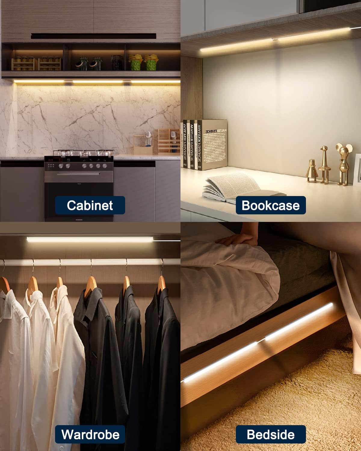 Widely Application – MATICOD under cabinet lights perfect for under cabinet lighting, kitchen lighting, counter lighting and so much more. Install it in anywhere, such as cupboard, bookcase, stairs, steps, corner, wardrobe, stairway, showcase, bookshelf, picture frame,vanity mirror, living room, storage, wardrobes, attic.
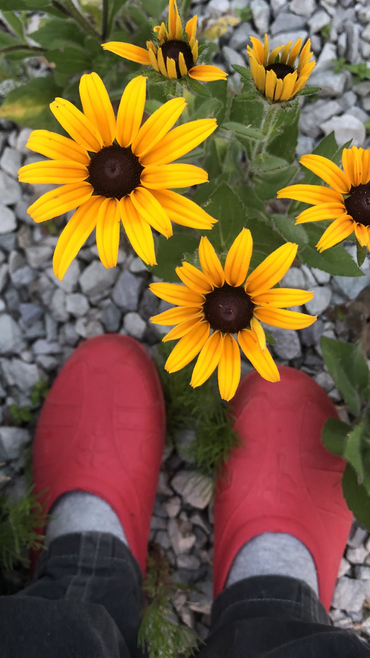 금계국과 데이지를 잘라내고, 그 안에서 자라고 있던 쑥이며 잡초들도 제거했다. 그런데 발밑에 해바라기를 닮은 꽃이 내 발을 붙잡는다. (며칠 후 이 작아 보이는 꽃이 금계국보다 훨씬 더 마당을 덮고 있다.)
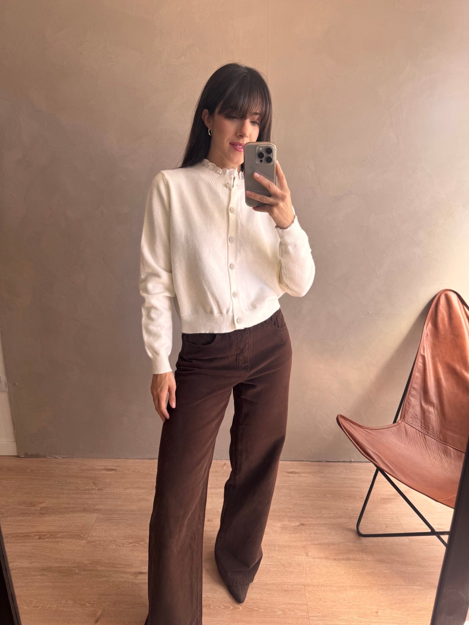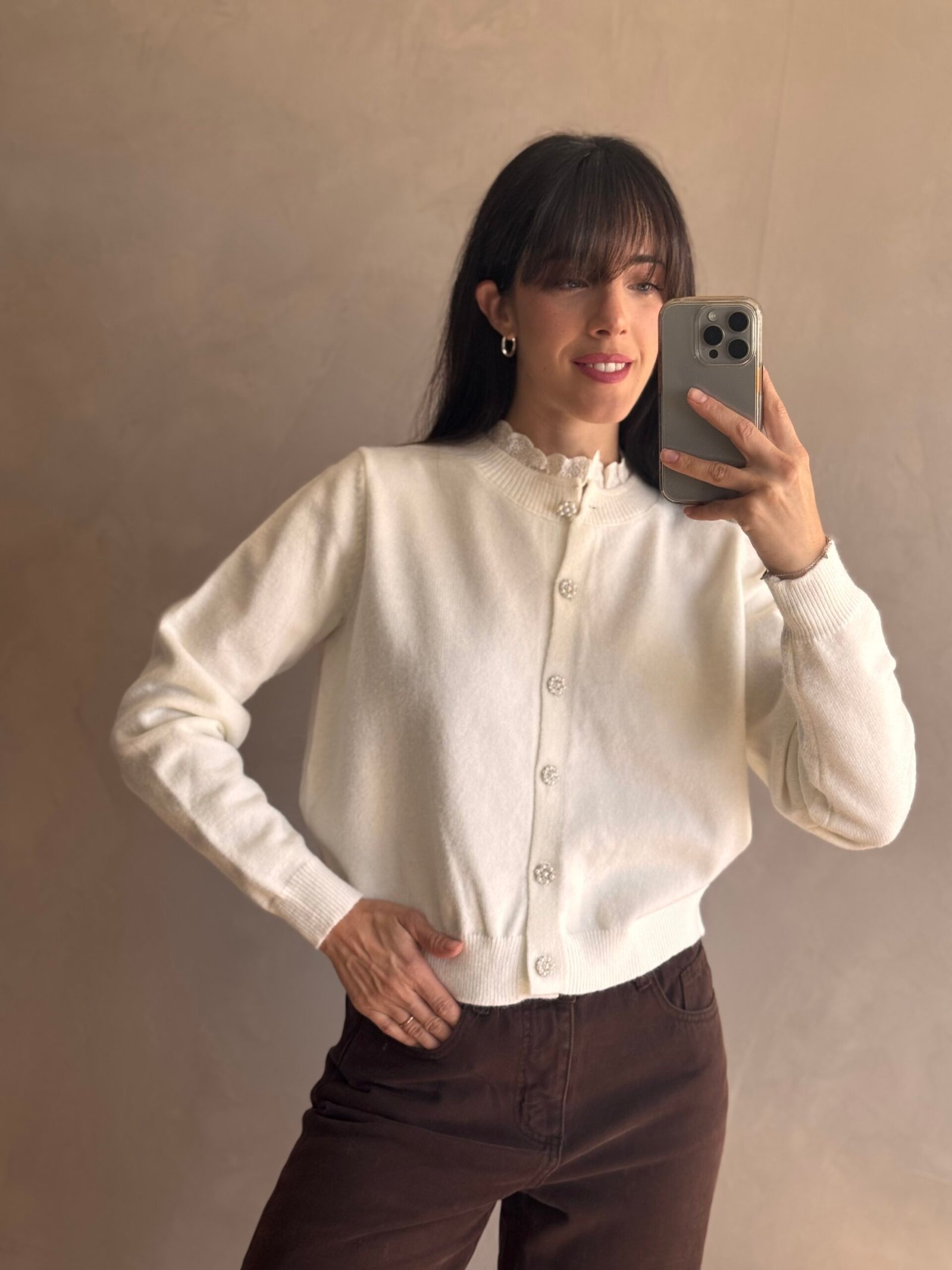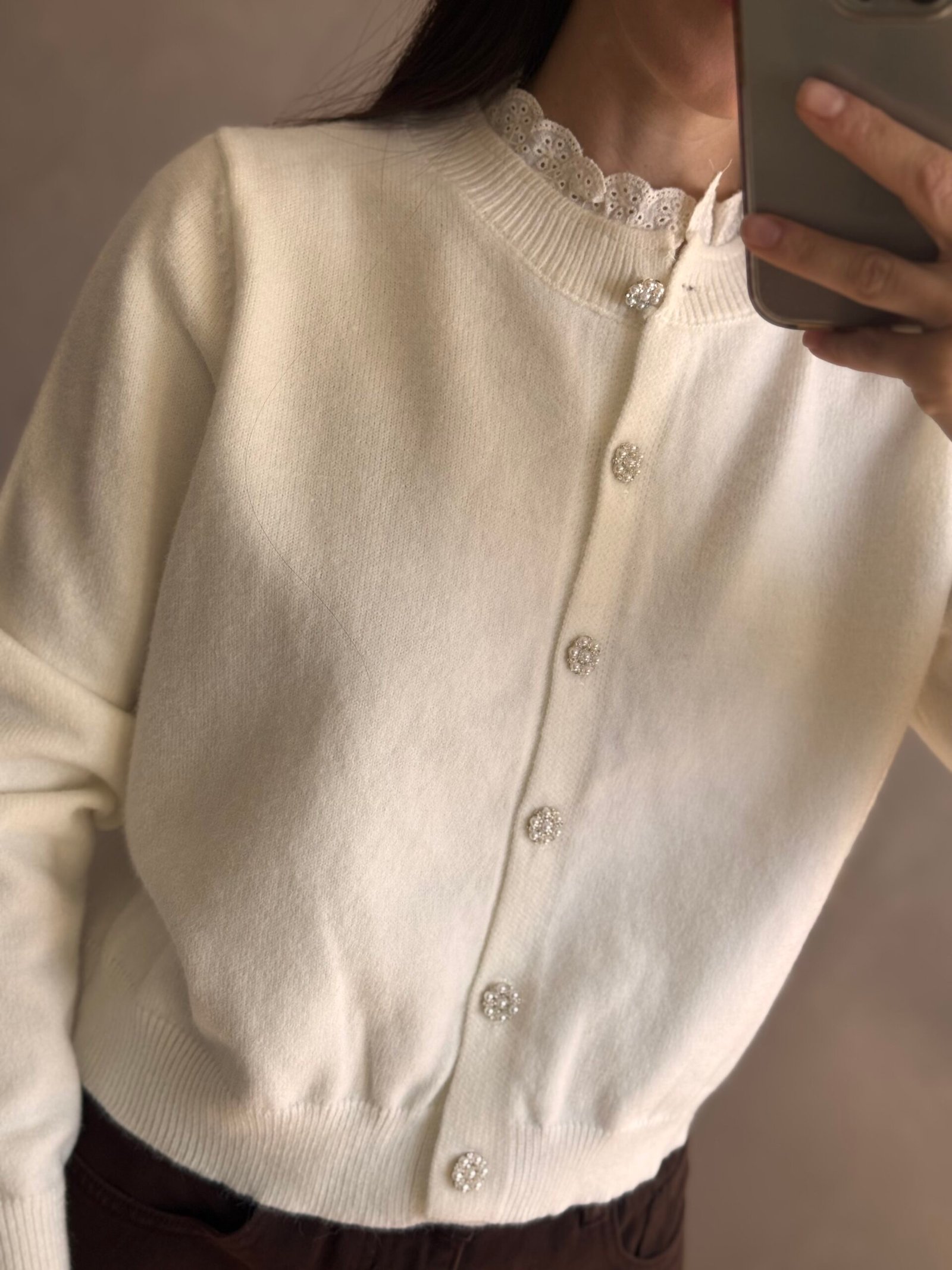 Cardigan de lana con botones de piedras y cuello de brodery
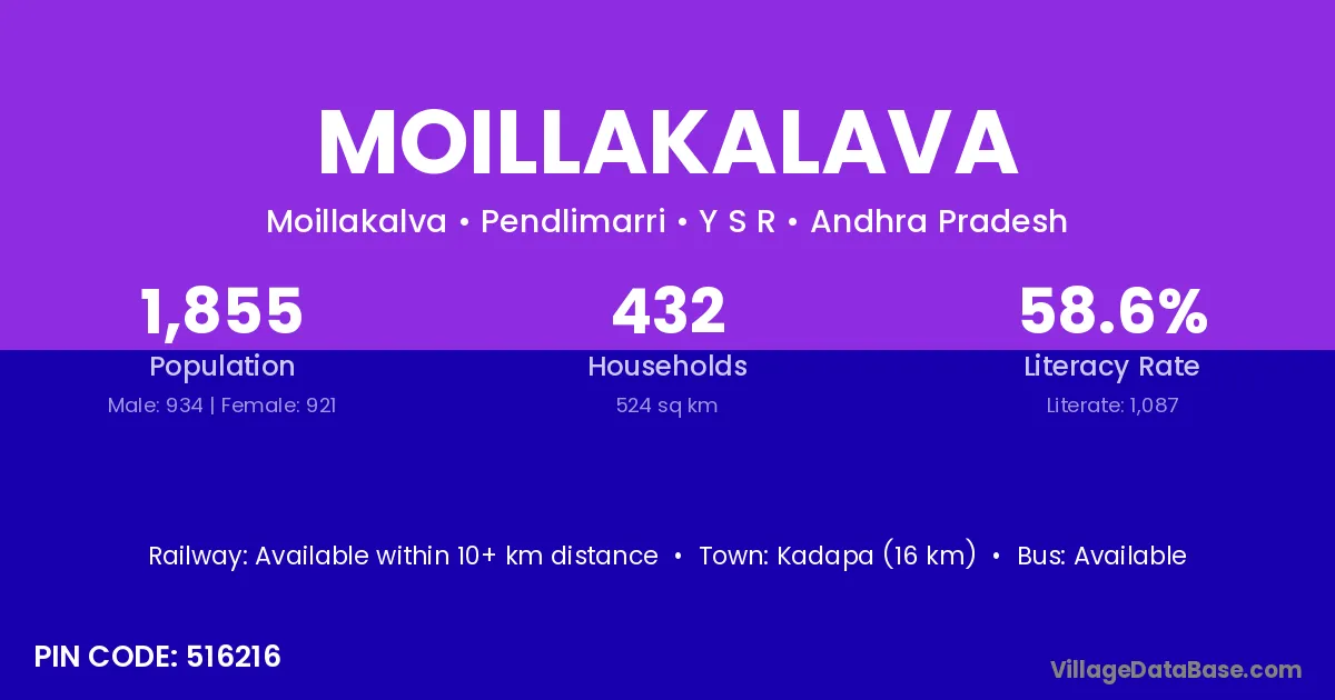 Kadapa (16 km) is the nearest town to Moillakalava village for major economic activities and is located approximately 16 km away.

++++++

All that is required is an exact reproduction of the lines from the one containing "금계국과 데이지를 잘라내고, 그" to the final line of the listing above, pictures omitted.

* RESPONSE FOR THIS EXERCISE
 금계국과 데이지를 잘라내고, 그 안에서 자라고 있던 쑥이며 잡초들도 제거했다. 그런데 발밑에 해바라기를 닮은 꽃이 내 발을 붙잡는다. (며칠 후 이 작아 보이는 꽃이 금계국보다 훨씬 더 마당을 덮고 있다.)
 Cardigan de lana con botones de piedras y cuello de brodery
 Kadapa (16 km) is the nearest town to Moillakalava village for major economic activities and is located approximately 16 km away.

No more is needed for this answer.